April 23, 2019 -- Facing an unfunded pension liability of some $448 million that could "balloon," the City should immediately escalate the payments it currently makes using general fund money, according to a report issued Monday by Santa Monica's finance director.

The payments would be "over and above" the approximately $52 million annual contribution Santa Monica is required to make to CalPERS, California's Public Employee Retirement System.

In her report to the City Council, Finance Director Gigi Decavalles-Hughes said the City should pay $16.6 million, instead $2.6 million, in its upcoming 2019-21 Biennial Budget to help pay down the debt.

The money would come from "General Fund reserves and reallocations of existing budget," she said.

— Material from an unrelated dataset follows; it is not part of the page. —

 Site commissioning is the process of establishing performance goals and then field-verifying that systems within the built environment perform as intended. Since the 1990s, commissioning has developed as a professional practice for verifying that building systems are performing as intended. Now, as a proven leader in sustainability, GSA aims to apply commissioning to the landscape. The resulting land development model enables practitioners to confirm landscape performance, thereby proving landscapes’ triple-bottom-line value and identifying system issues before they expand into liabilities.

"Despite the steps the City has taken to date to manage its pension costs, like all cities in California, Santa Monica expects steep increases in pension costs that could severely impact services in the future if they are not managed," Decavalles-Hughes wrote.

"Moreover, if CalPERS is not able to meet its investment return targets in the years ahead, our City’s pension liability could balloon, undermining our long-term fiscal health," she said.

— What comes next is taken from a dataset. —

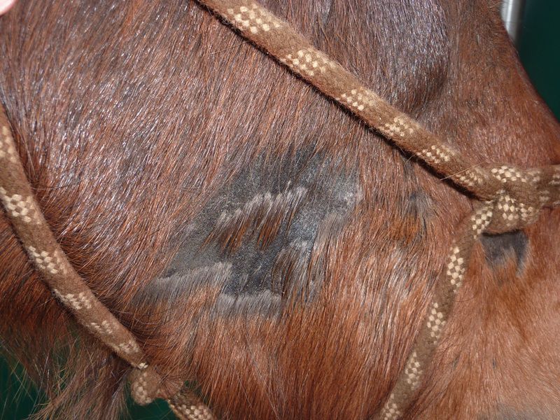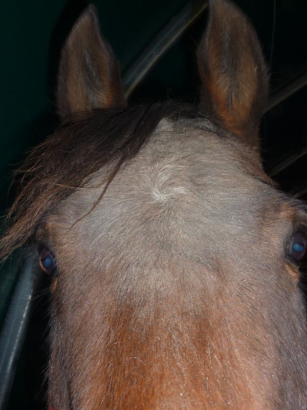 | Dire merci | Visiblement les zones touchées sur la tête ne se sont pas étendues mais 2 nouvelles zones sont apparues sur l'encolure ... Le véto vient mardi. |

Under Decavalles-Hughes' proposal, the City would pay $9.3 million in the first year of the upcoming biennial budget, instead of the $1.3 million it has been paying.

In the second year, the City would pay $7.3 million, instead of $1.3 million.

The amount would then decrease to between $3 million and $4 million a year over the next seven years, Decavalles-Hughes said.

"In later years where the additional payments are lower than in the first few years and therefore require less than the identified dedicated funding amount, unused funds would be available to cover other one-time needs," she said.

The accelerated payments were one of the alternatives explored by staff and a Pension Advisory Committee (PAC) composed of residents and City employees that studied the issue, explored alternatives and made recommendations to the City Manager.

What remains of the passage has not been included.